I was checking a few portals for the dates in question and realised I had used Lastminute.com in the past but seemed to be no benefit. Just as a test I put in several dates within the next couple of months but the prices seemed to be no different.

I'm wondering what is the optimum time to but on Lastminute.com - is it immediate future, 1-2 months out or 5-6 months out?

Any advice would be appreciated, or any recommendations for hotels (near Jewish district).

Roy


----------



## horusd (8 Dec 2015)

I was in Krakow 2 yrs ago. I booked with Booking.com and stayed in a lovely place called Ventus Rosa Apartments. They were central but not near the Jewish district. Having said that, Krakow is a very easy city to get around. As a by the by, I often clear cookies on my browser when using booking sites. You'll be surprised how prices can change( incl. flight prices) if someone knows your browsing history. Now I clear the cookies as a matter of course. Also check out expedia.ie for comparison. Here's a link to the Ventus site:

http://www.booking.com/hotel/pl/ven...d6805afdc4722db70d4e8641X1;type=total;ucfs=1&


----------



## Broadcaster (9 Dec 2015)

There are lots of good value apartments to rent near the centre. Better than hotels if there are more than two of you travelling.

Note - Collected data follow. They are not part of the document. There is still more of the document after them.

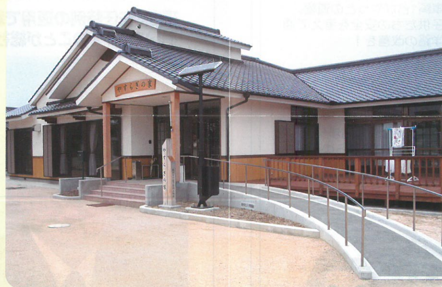
平成16年4月7日 総社市介護予防拠点施設 やすらぎの家 竣工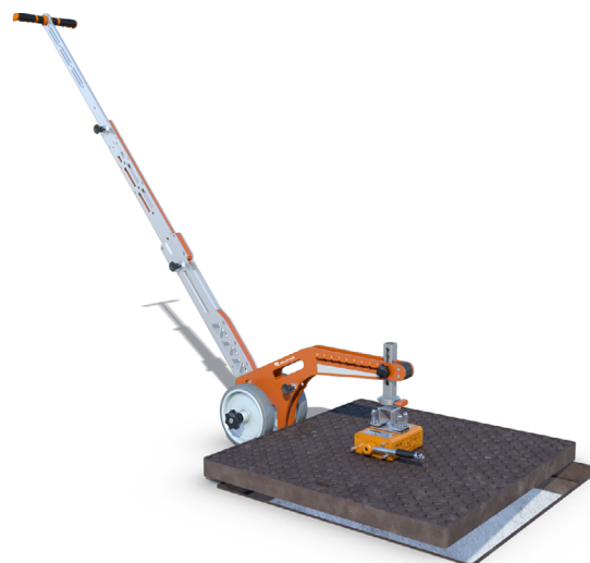
Carrello LIFTOP Magnetic con chiusino 80x80 cm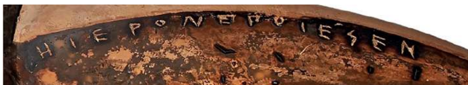
Λεπτομέρεια της λαβής με την υπογραφή του αγγειοπλάστη Ιέρωνα.

τανικό Μουσείο και το Getty. Ο Οίκος Christie's υποστηρίζει ότι η δημοπρασία της κύλικας είναι «νόμιμη», με το επιχείρημα ότι η εν λόγω κύλικα «δημοσιεύθηκε για πρώτη φορά το 1963 στο έργο του Beazley Attic Red Figure Vase-Painters», και ότι «αυτό σημαίνει ότι δεν αντίκειται στη σύμβαση της UNESCO που απαγορεύει τη μεταφορά πολιτιστικής ιδιοκτησίας που ανακαλύφθηκε μετά το 1970». Θα ήταν ενδιαφέρον να γνωρίζαμε την άποψη των ελληνικών αρχών για το ζήτημα.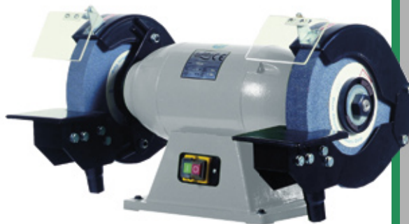
■ HU 300 BG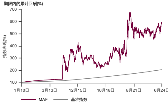
表现指标图截至2024年6月28日*

2010年1月至2024年6月 净资产值 - 净资产值价格和假设收入再投资到基金, 其总投资是以马币为基础。基金价格和收益(视情形而定)随时波动 过去表现不应视为未来表现的准则。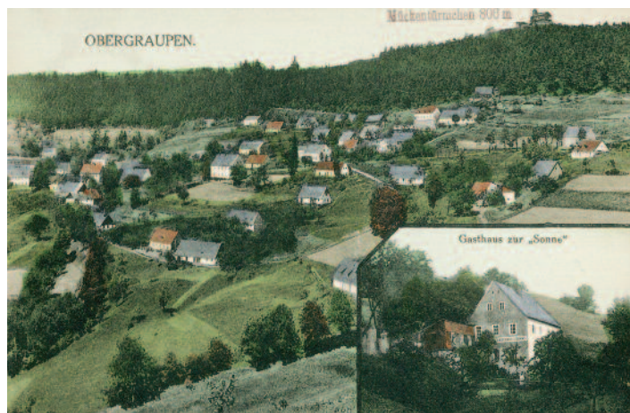
Horní Krupka, Hostinec U Slunce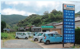
本村モータース 長崎市高浜町3203-138 TEL 095-895-3541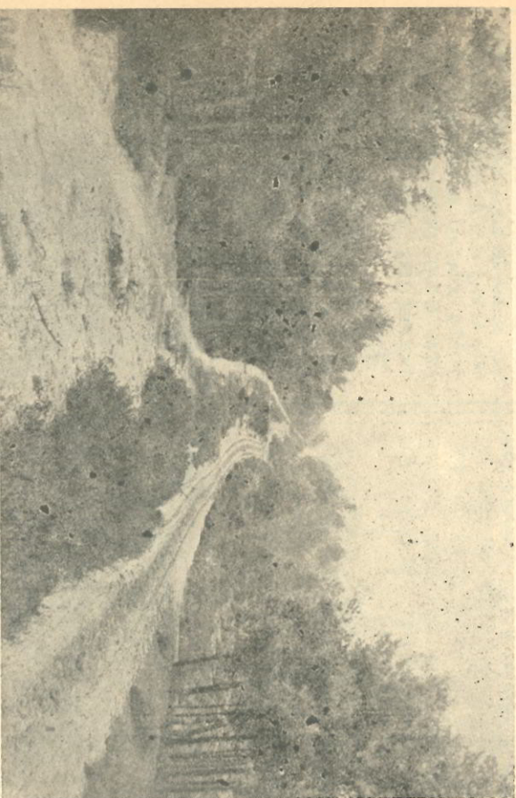
RIJWIELPAD VAN IMBOSCH NAAR EERBEEK

De mededeling in het VDH-tje, dat er onder gunstige voorwaarden een week vakantie in Eerbeek kan worden doorgebracht, zal door velen met vreugde zijn begroet. Ongetwijfeld zullen ook velen zich hebben afgevraagd: Eerbeek, ja, da's ergens op de Veluwe, maar is dat nou wel wat? Schrijver dezes, die z'n vacaties jaren lang op Noord- en Zuid-Veluwe heeft doorgebracht, zal er iets meer van vertellen. Eerbeek ligt in het Zuid-Oost gedeelte van de Veluwe, het gedeelte dat gevormd wordt door de driehoek Apeldoorn—Dieren—Arnhem, en is niet het drukst bezochte (maar dat is een voordeel) maar zeker het mooiste deel van de Veluwe.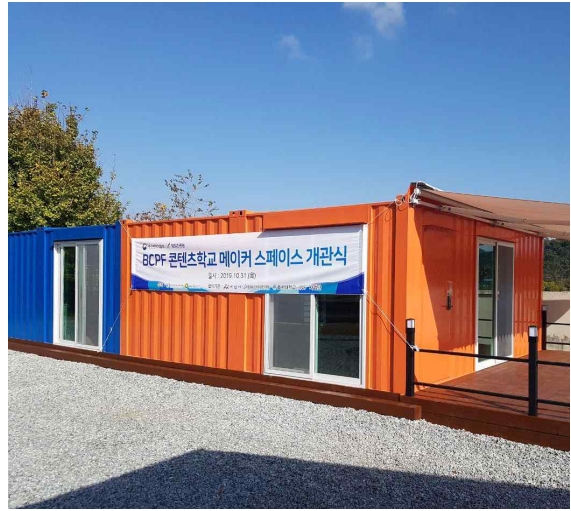
▲ <BCPF콘텐츠학교 메이커스페이스> 코워킹스페이스 & 메이커스튜디오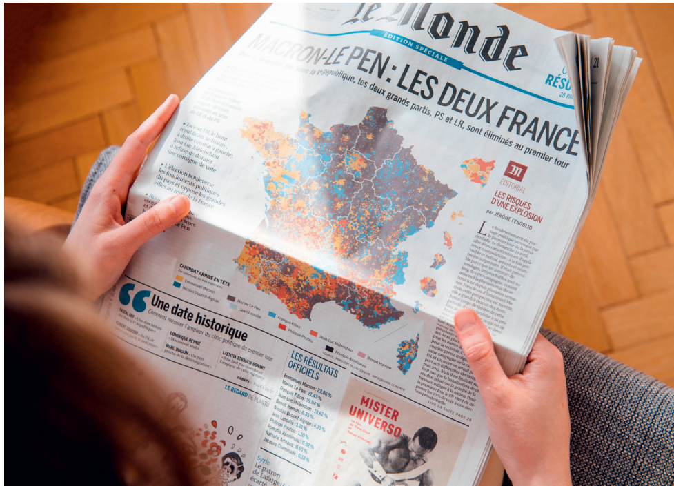
Мапа са резултатима избора у француским новинама Le Monde, Париз, 24. април 2017.

Контекст и последице ванредних парламентарних избора у Француској 2024. године: Успон актера са десног и левог спектра политичког деловања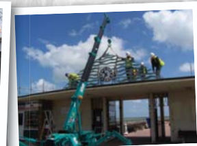
Общие погрузочные работы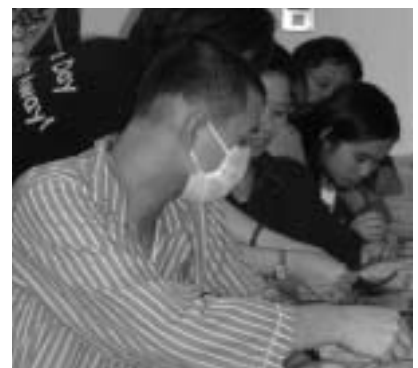
191病房癌症病患在本會志工指導下，認真學習製作卡片。

看著這些寫著各種不同主題的書籤、看著參與的病人及家屬離去時一張張帶著微笑的面容，這群在醫院圍牆內的癌症病友所面對的長期沈悶與孤單，在這個星期四午後，似乎都已得到了些許紓解。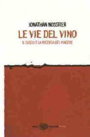
Jonathan Nossiter Le vie del vino Il gusto e la ricerca del piacere Einaudi

«Ogni vino possiede tratti e carattere ben definiti, che lo rendono unico e distinguibile nel panorama enoico, così come è facile riconoscere nelle singole persone molte delle particolarità del segno a cui appartengono. Con un sillogismo innegabile: ci sono vini che si abbinano perfettamente a certi segni, ma non hanno niente in comune con altri. Da questa base di partenza è nata l'idea di scrivere a quattro mani un libro che giocasse sullo spunto astrologico per addentrarsi nel mondo dei vini»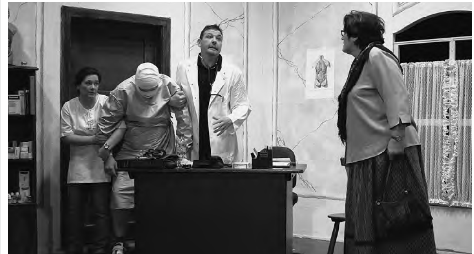
Wenn der Landarzt schläft, Bauernbühne Sendling

Dr. Wohlrath führt eine nette kleine Landarztpraxis und gönnt sich den Luxus einer wesentlich jüngeren, anspruchsvollen Frau. Einen Tag vor ihrem ersten Hochzeitstag überschlagen sich die Ereignisse. Durch ein Missgeschick des Pharmazie-Vertreters sinkt der Arzt in einen, erst mal unerweckbaren, Schlaf. Um dies vor der Ehefrau geheim zu halten, hecken seine treue Arzthelferin und der mitleiderregende Vertreter einen gewagten Plan aus.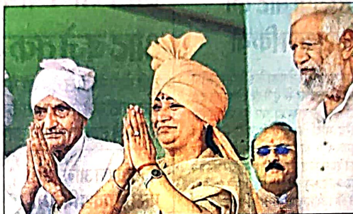
नई दिल्ली के हिरणकुंदना गांव में बुधवार को लोगों का अभिवादन स्वीकार करती मुख्यमंत्री रेखा गुप्ता। इस कार्यक्रम में कई परियोजनाओं का शुभारंभ किया गया। •

बुधवार को बाहरी दिल्ली स्थित हिरणकुंदना गांव के सीएम श्री स्कूल में विकसित नए खेल परिसर का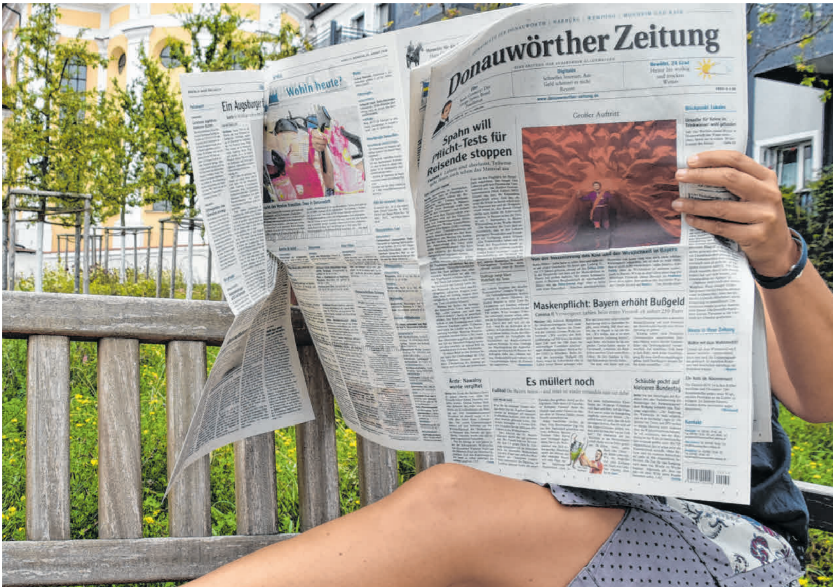
Was bedeutet guter Lokaljournalismus? Diese Frage beschäftigt auch die Redaktion der Donauwörther Zeitung seit mittlerweile 75 Jahren und wird auch in Zukunft wichtig sein.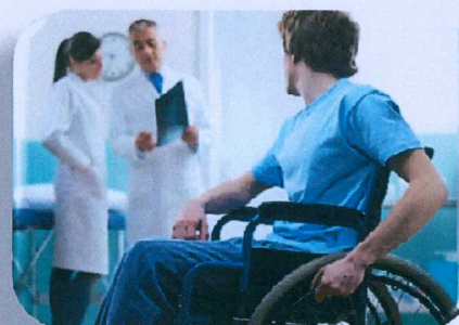
Организации социального обслуживания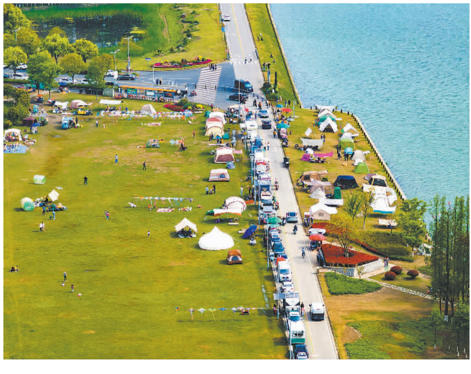
4月14日，江苏省昆山市淀山湖畔，春色烂漫，正值赏樱好时节，众多市民和游客来此露营休闲，享受春日周末时光。

此外，天津河东区还发挥“门户”优势，以天津站为起点建设了8.28公里沿海“金创走廊”。渤海银行大厦、嘉里中心、中海城市广场、金茂汇、万达中心、棉3创意街区等200多万平方米新建载体形成了创业投资、宜居宜业的良好环境。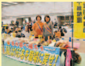
JAL不当解雇撤回 争議団の物販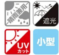
のびるハンドル5段遮光折りたたみ傘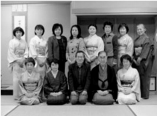
初点式を終えた浜松の会の皆さん

「浜松の会」は、年齢を問わずお茶の愛好家が集まって平成11年に結成され、大平桜まつり、石州心の旅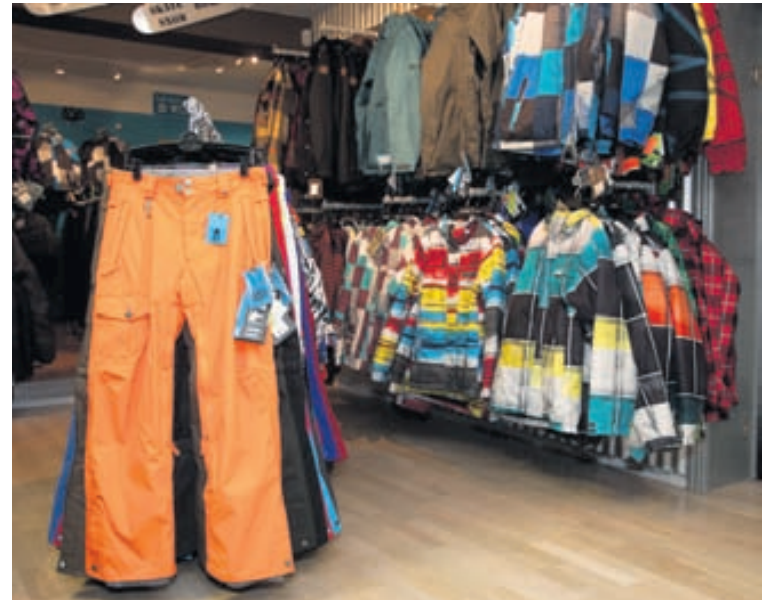
Mikil litadýrd einkennir bæði úlpurnar og buxurnar í Brimi.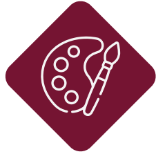
الأعمال الفنية Artistic works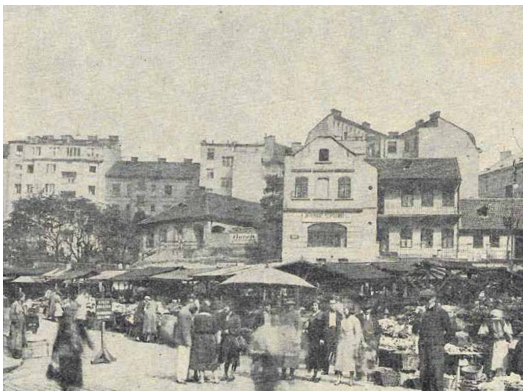
NĚKDEJŠÍ VRŠOVICKÉ TRŽIŠTĚ

Jenže než se naše ulice stala Charkovskou, nesla od přelomu 19. a 20. století své první jméno podle Jana Nerudy (1834–1891), věhlasného prozaika, básníka a novináře. Narodil se v Praze na Malé Straně do chudých poměrů. Jeho otec, vysloužilý voják, měl trafikou a matka pracovala jako posluhovačka. Neruda absolvoval malostranské gymnázium, ale následná studia práv a filozofie na univerzitě přerušil, neboť musel zabezpečit rodinu. Stal se novinářem a tomuto povolání se věnoval celý život. Byl redaktorem deníku Čas, poté přešel do Hlasu a od roku 1865 byl až do své smrti spjatý s Národními listy, pro které napsal přes dva tisíce fejetonů. Kromě toho založil týdeník Květy a přispíval do časopisu Lumír. Podílel se na vydání almanachu Máj, který představil novou generaci autorů. Sám stanul v čele této literární skupiny, kterou známe jako tzv. májovce. Je autorem i několika básnických sbírek, jako první vyšlo „Hřbitovní kvítí“, následovaly „Knihy veršů“, „Písňe kosmické“, „Balady a romance“, „Prosté motivy“ či „Zpěvy páteční“. Vytvořil také několik povídkových souborů, jako jsou „Arabesky“ nebo „Povídky malostranské“, jeho asi vůbec nejslavnější dílo.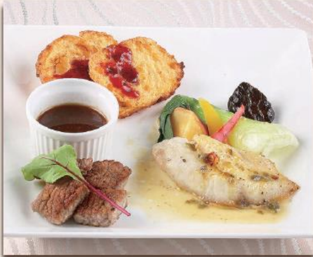
ワンプレートランチ 写真はイメージです ¥1,300 (税込¥1,404)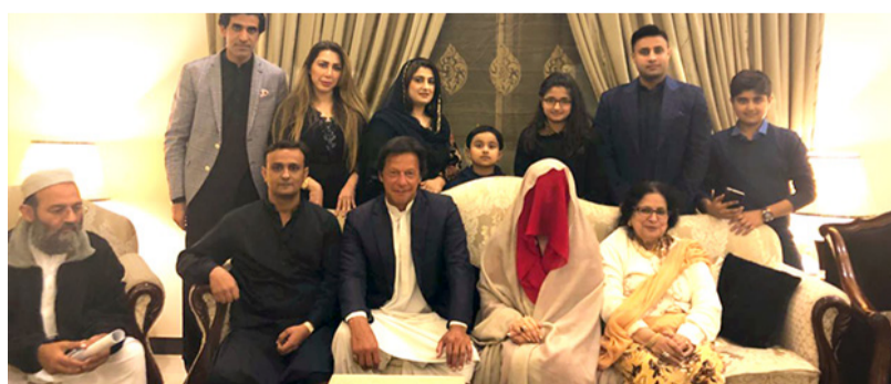
عمران خان که زمانی با یک خانم انگلیسی ازدواج کرده بود و به رفتار و روابط لیبرالیستی مشهور بود، در سال ۲۰۱۸ با خانم بشرای بی‌بی که محجبه است ازدواج کرد و ادعا نمود که قبل از ازدواج نزد آن خانم آموزش تصوف می‌دیده است.

عکس‌هایی که از آن دوره عمران خان به یادگار مانده است، او را میان زنان و مردان شهری و دارای فرهنگ لیبرالیستی نشان می‌دهد؛ اما این وضعیت در دو دهه اخیر تغییر کرده است. عمران خان با وارد شدن به عرصه سیاست، بی‌آن که روابط و محیط شخصی لیبرالیستی‌اش را ترک کند، نقاب سیاسی تازه‌ای پوشیده که از او تمجیدگر طالبان و متحد گروه‌های محافظه‌کار ساخته است.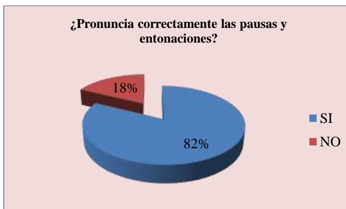
Gráfico 6: PRONUNCIA CORRECTAMENTE LAS PAUSAS Y ENTONACIONES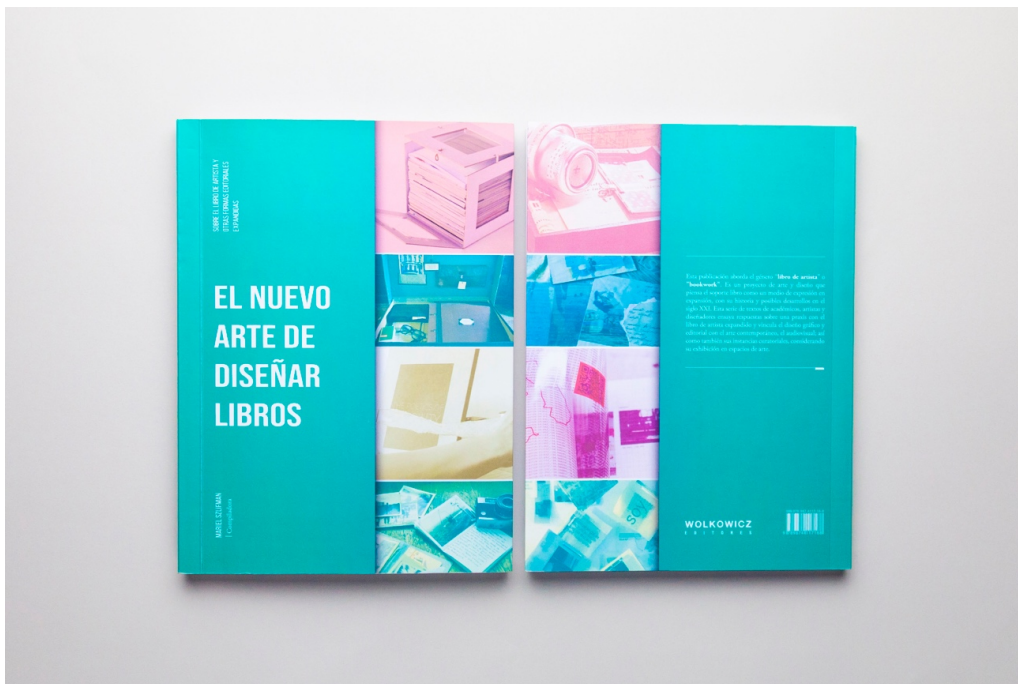
Figura 5. “El nuevo arte de diseñar libros”

El proyecto de la exposición incluyó el desarrollo de un sistema de identidad visual que articuló diferentes piezas de comunicación de uso público. El desarrollo del sistema tuvo como objetivo generar una identidad visual y comunicacional unificada para el espacio físico y virtual, articulando diferentes aspectos culturales de la muestra que contó con trece obras de diferentes artistas y otros eventos como performances, proyecciones, presentaciones y visitas guiadas por la exposición. El desarrollo del sistema implicó el diseño de: marca y logo; manual de identidad; diseño editorial de publicación; piezas gráficas como postales, folleto, afiches de sala, fichas de obra; e-flyers digitales; flyers para redes sociales; fotografía de sala y documentación de obra. 14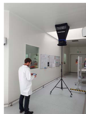
Utilización con el Trípode telescópico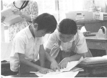
ペアでの話し合いの様子

学級全体での話し合いでは、児童から出た放送で紹介したいという思いは、選ぶという話し合いに対する必要性をもたせるためには十分な動機づけとなった。しかし、児童H, J, K, Lがお話の感想から選んだ理由を述べているのに対して、児童C, D, Gは、「勉強になるから」という発言をしている。これは、相手にとってどの神話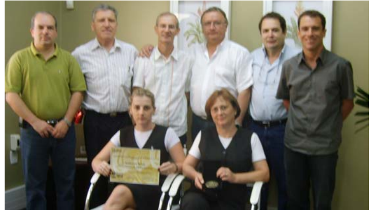
Diretoria da Unimed Erechim, Gerente e Contadora com o Certificado e a Medalha outorgados pela AL do RS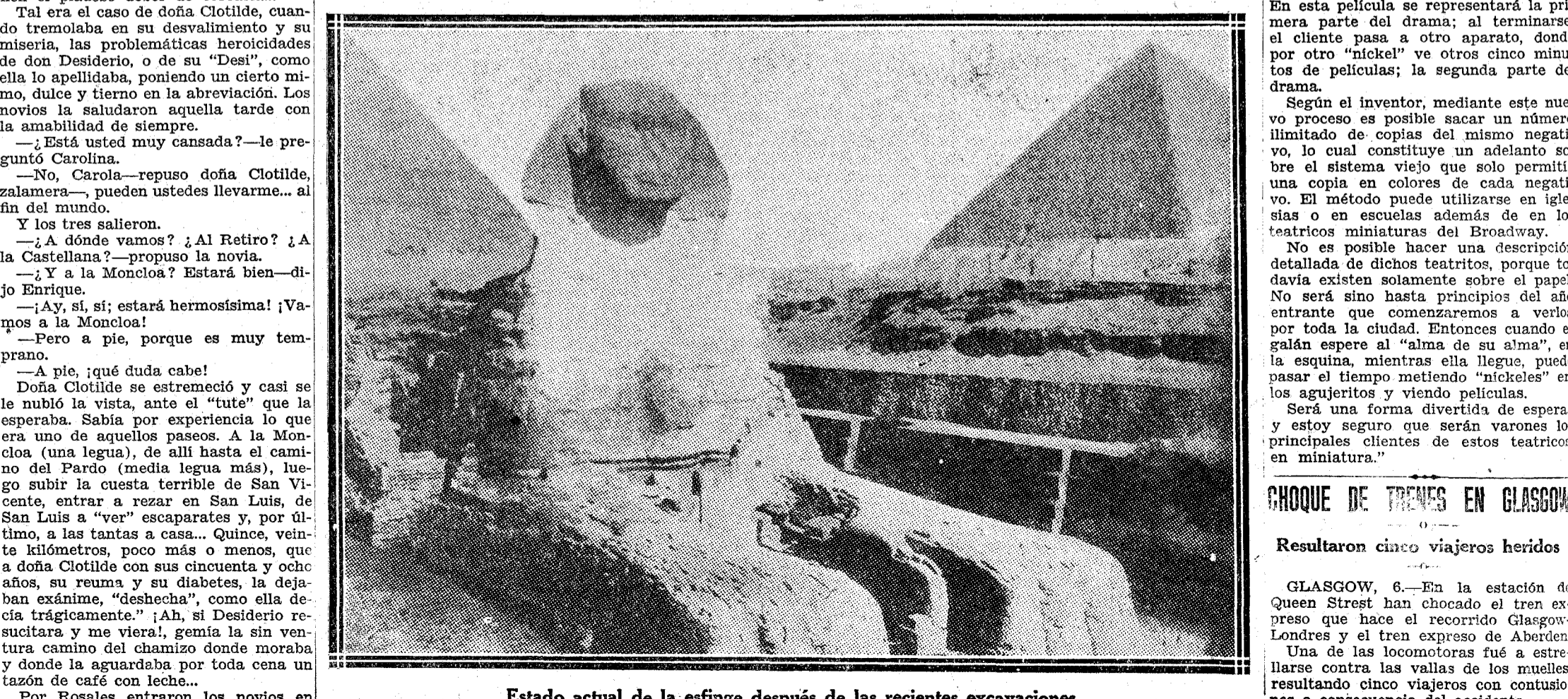
Estado actual de la esfinge después de las recientes excavaciones.

CHERBURGO, 6.—Precedente de los Estados Unidos ha llegado a este puerto la viuda del presidente norteamericano señor Wilson, que se dirige a París y a Ginebra.

 If you really want a hotel then using Bookings.com or Expedia will allow you to book now and cancel later free of charge if you do so 48 hours before travelling. With Expedia you can keep an eye on other sites and if you see the same hotel for the same dates at a cheaper price they will refund the difference. Good luck. Enjoy Kraków. Great destination.


----------



## clueless (9 Dec 2015)

I agree. Great city. Loads to do.


----------



## Sammy's Daddy (28 Dec 2015)

horusd said:


> I was in Krakow 2 yrs ago. ................................................ They were central but not near the Jewish district. Having said that, Krakow is a very easy city to get around.* As a by the by, I often clear cookies on my browser when using booking sites. You'll be surprised how prices can change( incl. flight prices) if someone knows your browsing history.* Now I clear the cookies as a matter of course.  ...................................


I had heard of this and suspected as much. So, I generally look up at home and book from the local Library. Of course that could be saturated with cookies but I feel better about it. Never dreamed of clearing cookies . Thanks for that.


----------